-- The input follows --

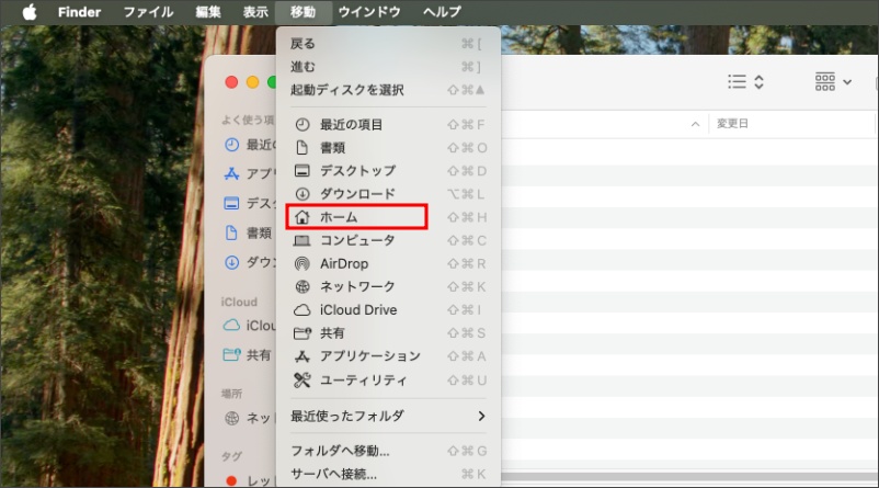 ホームフォルダへ移動します。Finderを選択した状態で、移動→ホーム、と進みます。
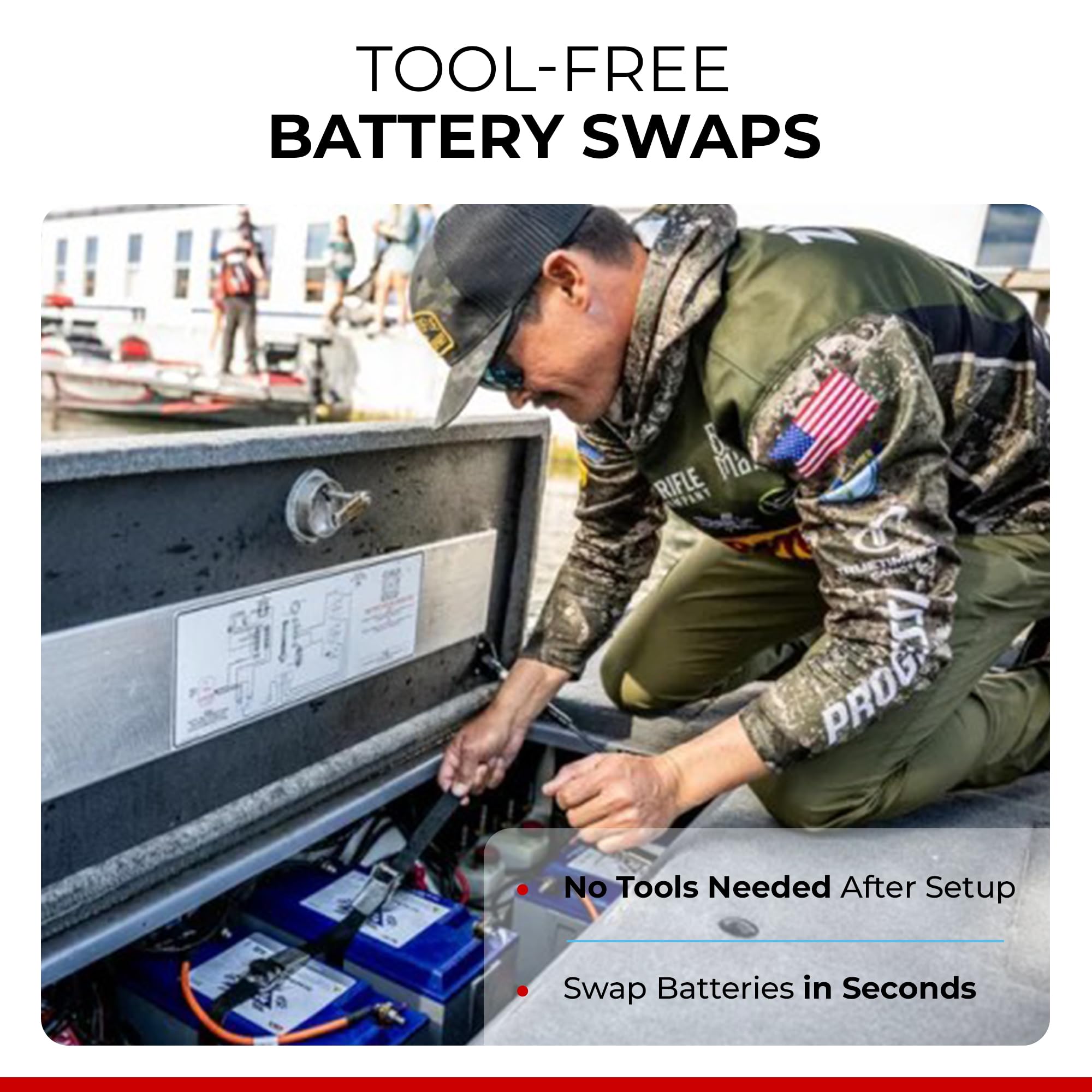 • Keeps trolling motor connections intact whether batteries are installed or removed from the boat
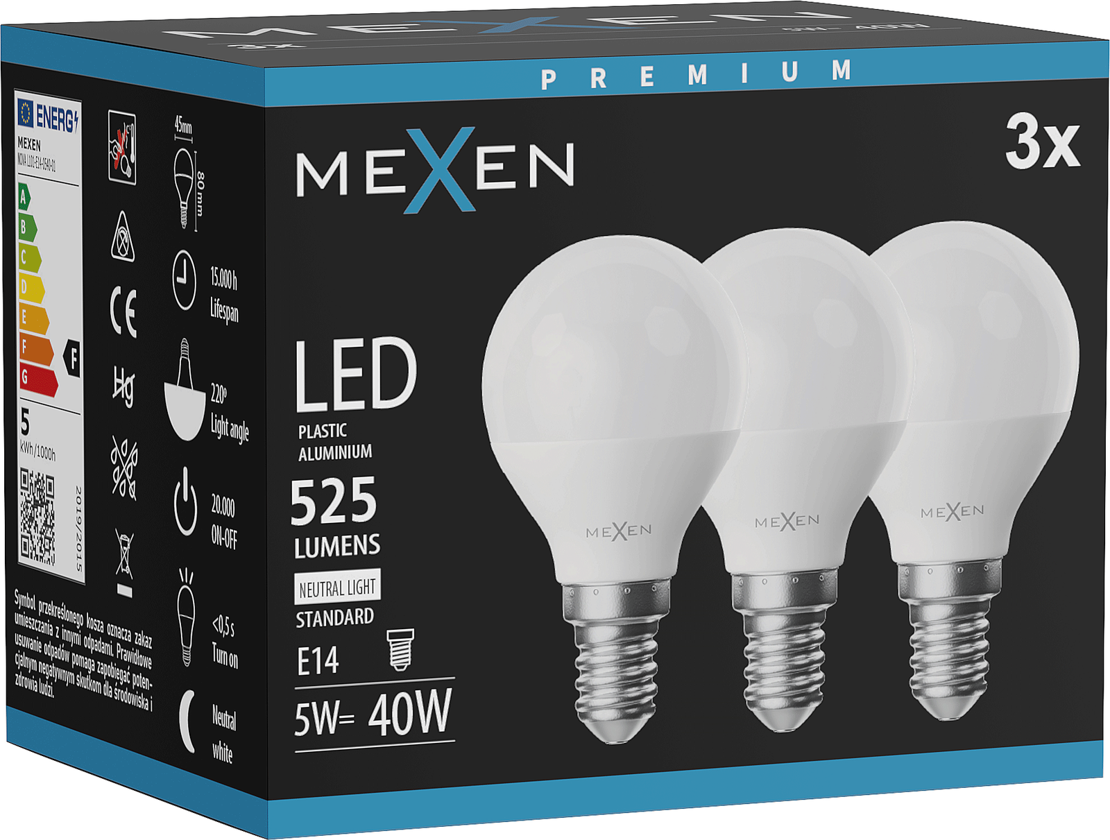 Mexen Nova 3x LED-lamppu E14, G45, 5W, Neutraali - 4000K, 525 lm - L101-E14-0540-01x03
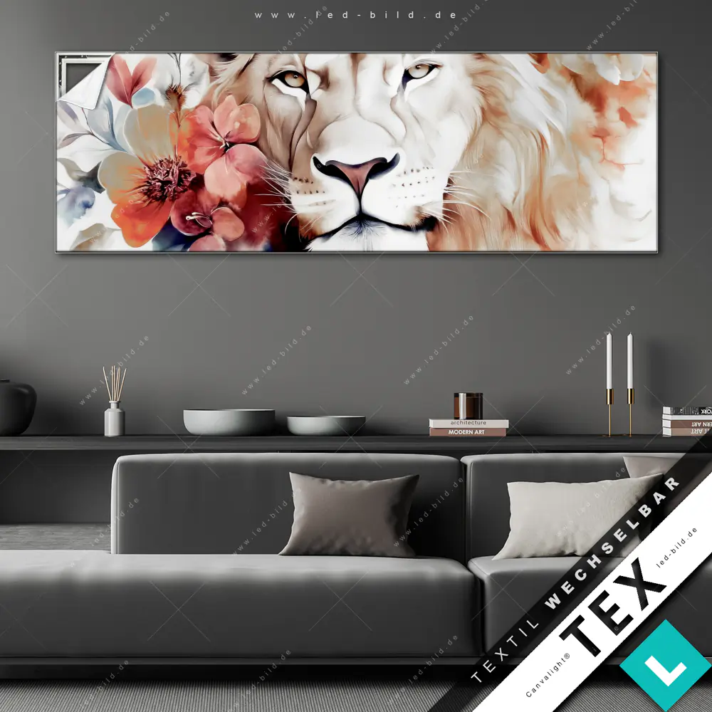 Du hast genug von öden Wänden? Dann ist es höchste Zeit für ein Upgrade mit unserem Canvalight® TEX Wechselbild Löwe mit Blumen im Panorama-Format! Mit diesem stylischen Wandbild mit Wechselrahmen-System wird deine Wohnung eine völlig neue Dimension erreichen!
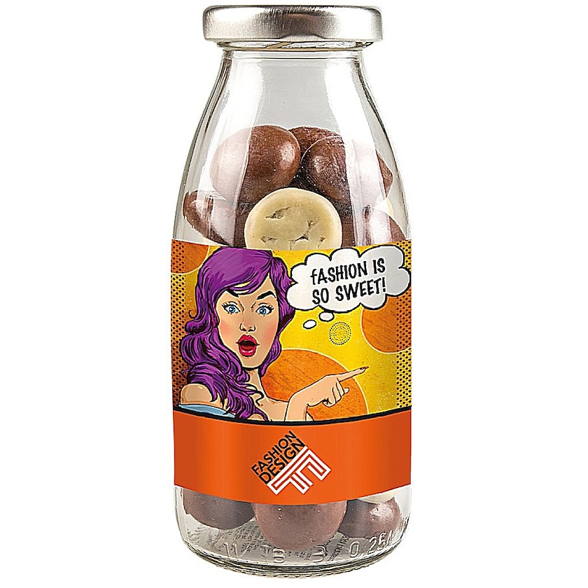 Bottiglia di vetro ripiena di 130 grammi di biscotti in formato mini. La bottiglia contiene i gusti misti milk, white e dessert. L'etichetta viene personalizzata con stampa digitale interamente a vostro desiderio. Un gadget promozionale molto efficace!

-- The input concluded --

**Task**
Exactly as they stand, the entries must be written out again, pictures excluded.

**Result of the exercise**
 ホームフォルダへ移動します。Finderを選択した状態で、移動→ホーム、と進みます。
 • Keeps trolling motor connections intact whether batteries are installed or removed from the boat
 Mexen Nova 3x LED-lamppu E14, G45, 5W, Neutraali - 4000K, 525 lm - L101-E14-0540-01x03
 Du hast genug von öden Wänden? Dann ist es höchste Zeit für ein Upgrade mit unserem Canvalight® TEX Wechselbild Löwe mit Blumen im Panorama-Format! Mit diesem stylischen Wandbild mit Wechselrahmen-System wird deine Wohnung eine völlig neue Dimension erreichen!
 Bottiglia di vetro ripiena di 130 grammi di biscotti in formato mini. La bottiglia contiene i gusti misti milk, white e dessert. L'etichetta viene personalizzata con stampa digitale interamente a vostro desiderio. Un gadget promozionale molto efficace!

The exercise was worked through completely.